It could handle eight in-dimensional transfers before the batteries were drained, according to the manual.  Extra-dimensional transfers would be three or less, depending on if you’d used the standard teleport or not.  The manual also had a list of target locations that I had been desperately trying to memorize.

Really, it was a terrific emergency device.  The casing was solid enough that I didn’t even worry about having it on my belt.  Depending on how sturdy the internal components were, we might be able to skip from St. Louis and back again if we wanted to.  Doing so, however, would be extra dangerous — there were plenty of wildlings that seemed to be attracted to EM emanations.  Besides, the manual warned that using it too fast in succession might make it explode.  Not a nuclear explosion, but enough to make anyone who liked their skin want to avoid abusing it.

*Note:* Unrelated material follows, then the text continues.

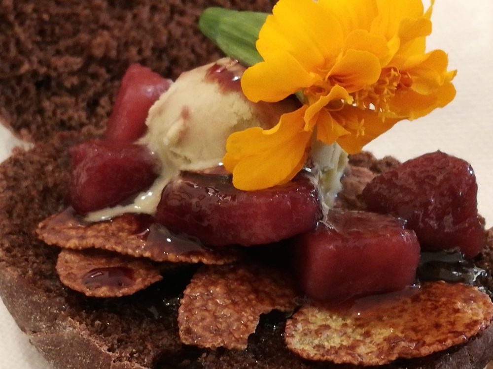 Il dolce è fatto con panino con impasto al cioccolato; gelatina al limone e menta piperita; fiocchi di mais al cioccolato; pera caramellata al Primitivo con anice stellato e cardamomo; gelato artigianale al Pistacchio; scirocco artigianale di amarene; fiore di Dalia vaporizzato con infuso di menta piperita e mandorle amare.

“We’ll get our calories,” I said simply.  I’d picked up something myself to make sure of it, but she wouldn’t like it.  “I’d rather make sure we don’t suffer because we don’t have the necessary nutrients, anyway.  We’ll compromise — honey on the go, then stop and eat some paste in between.”

“I can agree to that.”

We fell back into silence as we worked.  I was working on memorizing the coordinates in the manual, while she made sure that everything was arranged in the wagons right.  Really, we would have preferred at least one more mercenary and another wagon.  Three wagons, two people to a wagon.  The prospects of possible salvage had Sarah’s mouth watering.  St. Louis was the last location where people didn’t have to worry about entropy destroying any of the salvage.  Of course, that also came with other issues.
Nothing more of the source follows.